Sets the path where any generated dot figure will be saved. Currently, this is useful only in combination with the format dot. By default, a unique temporary filename is used (tempname is replaced with a tempname() call). The extension specifies the output format (passed to dot as a -Text parameter). If not extension provided, PDF used by default. Additionally, stores the .dot file used to generate the figure to the same location.

dotArgs:: '' Additional dot arguments. E.g. '-Gsize="7"' to generate a smaller output (for a review of the network structure etc.).

• MaxNumColumns [18]

Maximum number of columns in each table.

## REBUILD - Rebuild the internal data structures of a DagNN object

REBUILD(obj) rebuilds the internal data structures of the DagNN obj. It is an helper function used internally to update the network when layers are added or removed.

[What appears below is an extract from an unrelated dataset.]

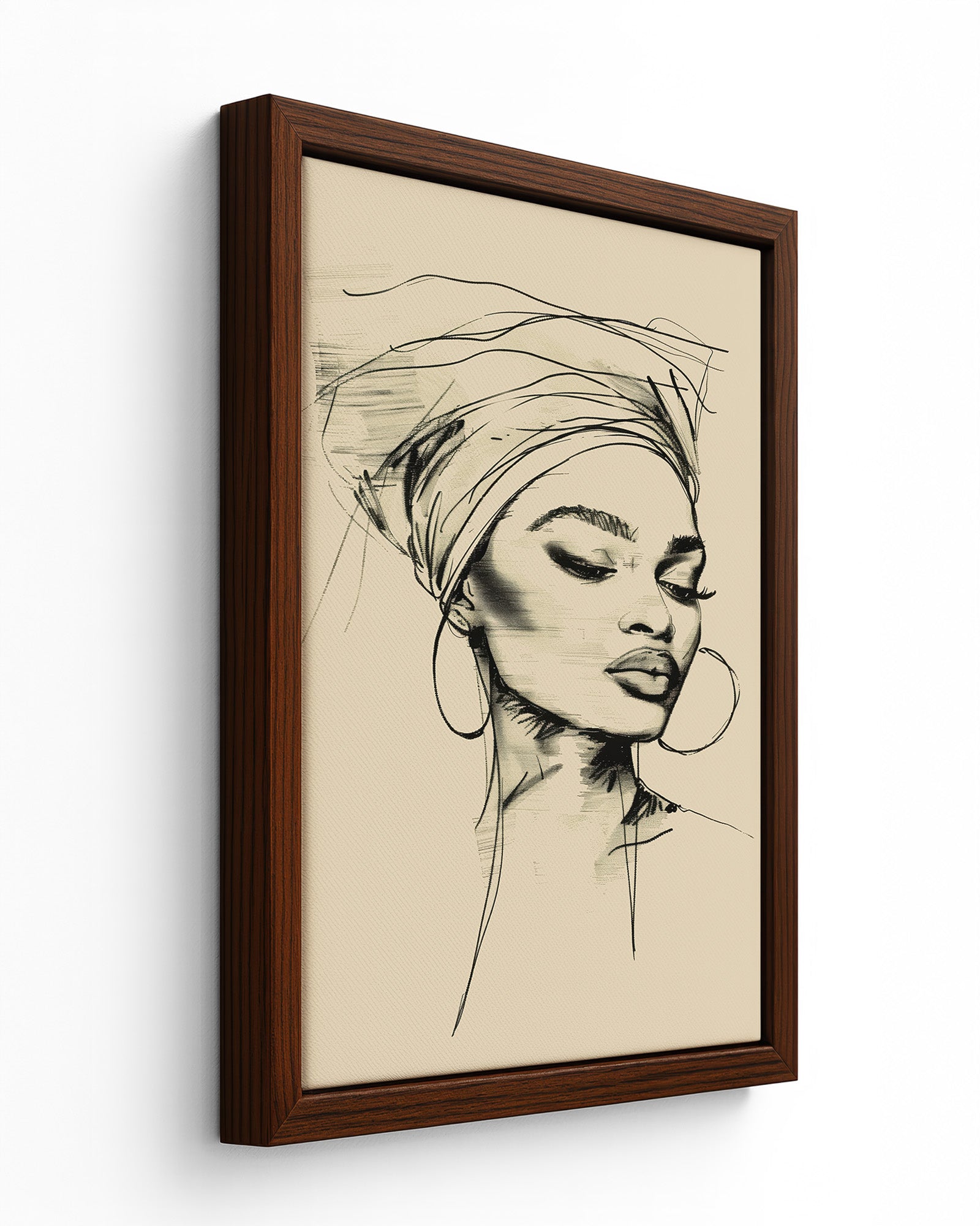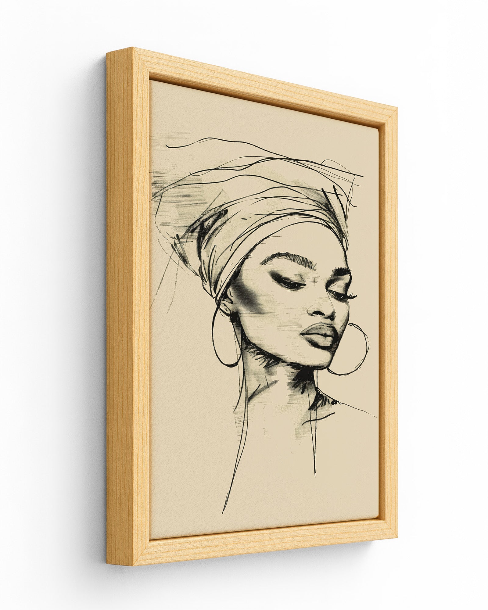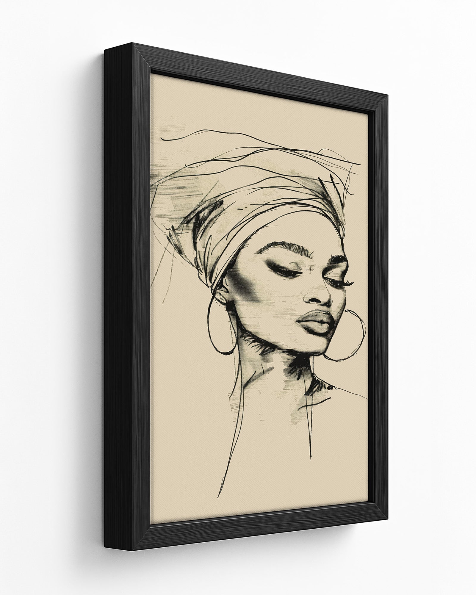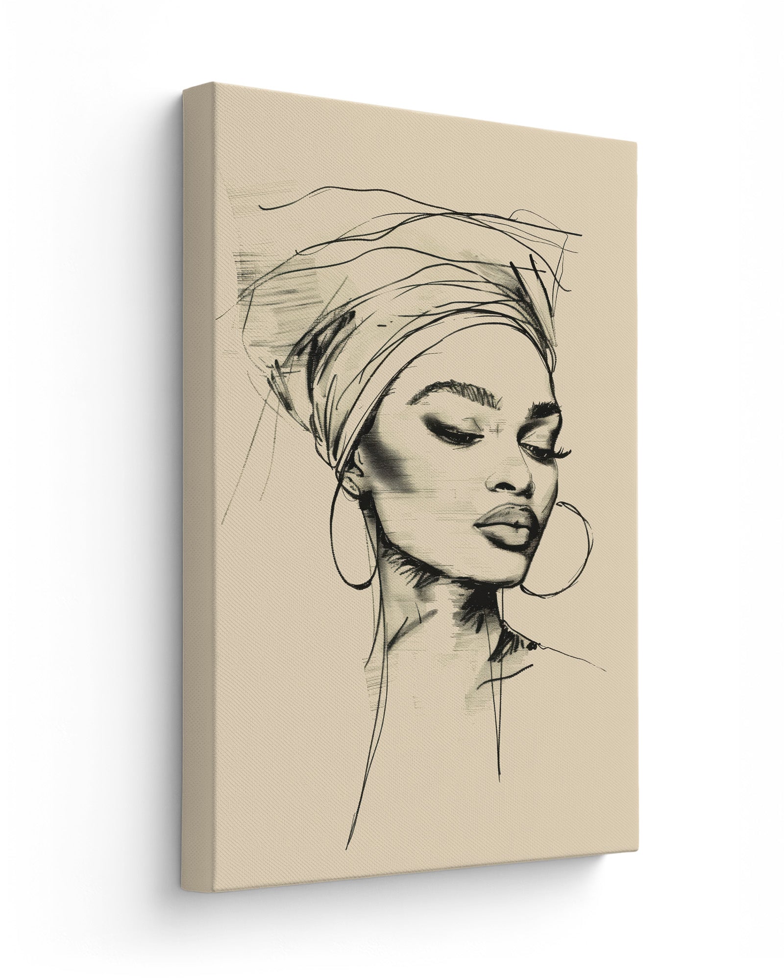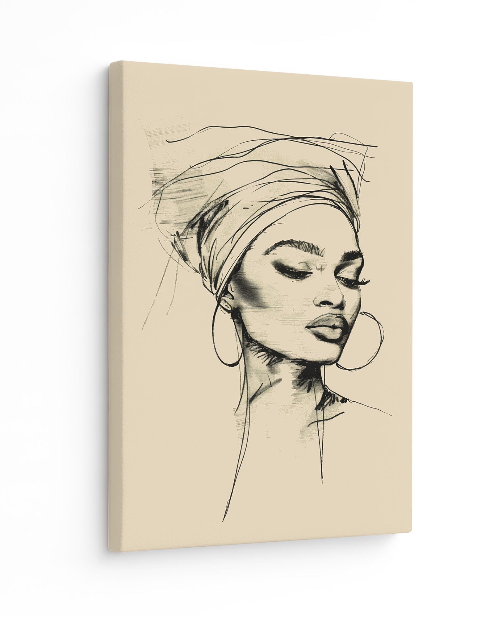 This minimalist line art portrait captures the quiet elegance of an African woman in a flowing head bonnet, tilting her head in serene reflection. Crafted with refined black strokes, her delicate profile exudes effortless grace and sophistication against a muted pastel background.

## REMOVELAYER - Remove a layer from the network

REMOVELAYER(OBJ, NAME) removes the layer NAME from the DagNN object OBJ. NAME can be a string or a cell array of strings.

## RENAMELAYER - Rename a layer

RENAMELAYER(OLDNAME, NEWNAME) changes the name of the layer OLDNAME into NEWNAME. NEWNAME should not be the name of an existing layer.

## RENAMELAYER - Rename a parameter

RENAMEPARAM(OLDNAME, NEWNAME) changes the name of the parameter OLDNAME into NEWNAME. NEWNAME should not be the name of an existing parameter.

## RENAMEVAR - Rename a variable

RENAMEVAR(OLDNAME, NEWNAME) changes the name of the variable OLDNAME into NEWNAME. NEWNAME should not be the name of an existing variable.

## RESET - Reset the DagNN

RESET(obj) resets the DagNN obj. The function clears any intermediate value stored in the DagNN object, including parameter gradients. It also calls the reset function of every layer.

## SAVEOBJ - Save a DagNN to a vanilla MATLAB structure

S = OBJ.SAVEOBJ() saves the DagNN OBJ to a vanilla MATLAB structure S. This is particularly convenient to preserve future compatibility and to ship networks that are pure structures, instead of embedding dependencies to code.

The object can be reconstructe by obj = DagNN.loadobj(s).

As a side-effect the network is being reset (all variables are cleared) and is transfered to CPU.